In simple terms, open banking is a way for people to take back control of their financial information. Like Valentin, you might have two or three bank accounts, each with its own app and its particularities for making transfers, checking the balance, or granting a loan. If you wanted to have an accurate overview of your finances, you’d need to log in to each of those bank apps, extract the information and do all the calculations yourself. Open banking breaks down the walls between all of these different apps, making it possible for apps to pull information from the accounts you choose and give you real-time information about your finances that is gathered from all of them.

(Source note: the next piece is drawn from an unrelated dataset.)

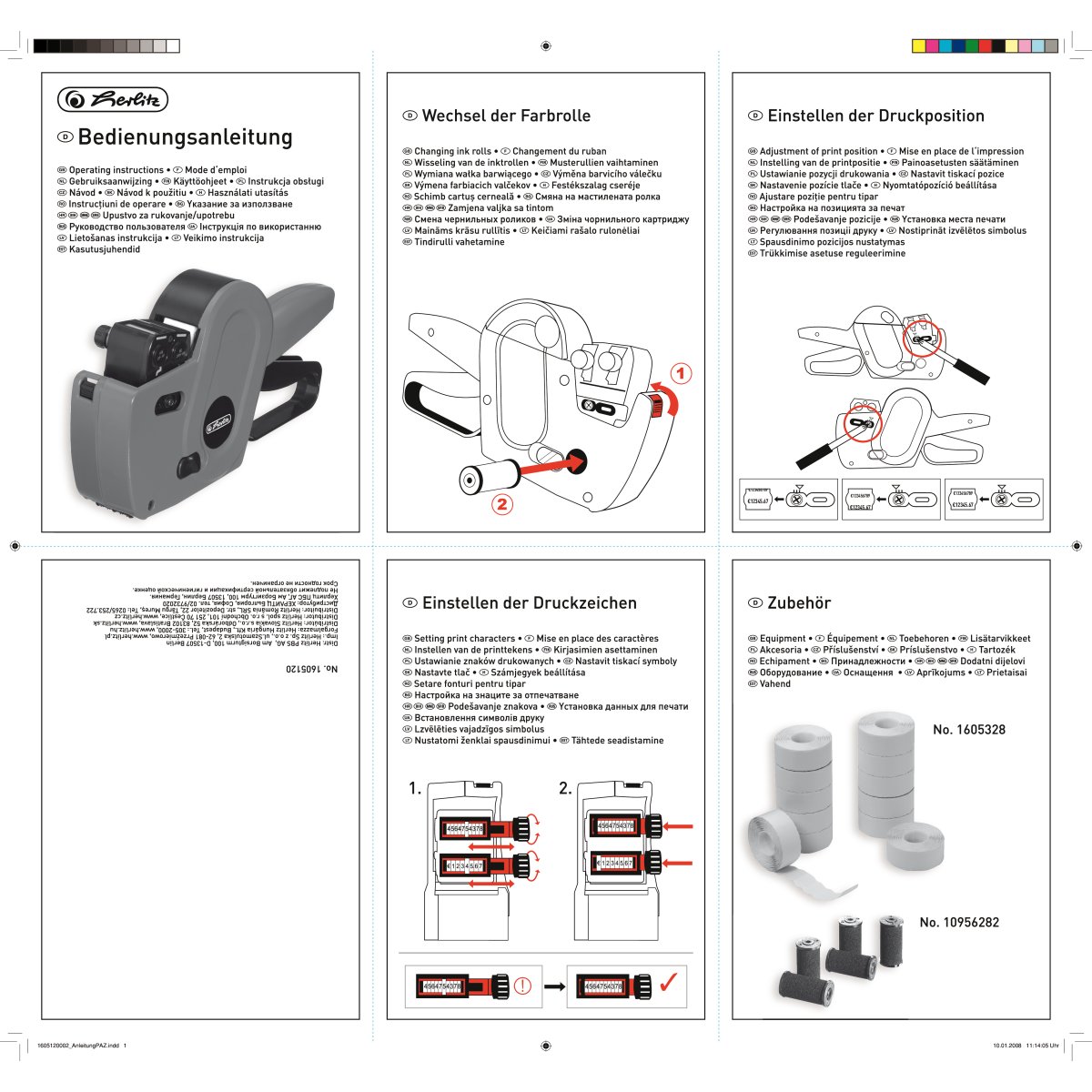 Description: | Wechsel der Farbrolle, Einstellung der Druckposition, Einstellen der Druckzeichen, Zubehör, Etiektten einlegen |

Technology is at the heart of open banking. At Levi9, Valentin Dominte is one of our most experienced developers working in open banking since 2018, and we’ve asked him to give us his insights into this topic.

“The official definition of open banking is the process of enabling third-party payment service and financial service providers to access consumer banking information such as transactions and payment history through APIs”, says Valentin. Some key expressions he highlights are “third-party payment,” “consumer banking information,” and “APIs”.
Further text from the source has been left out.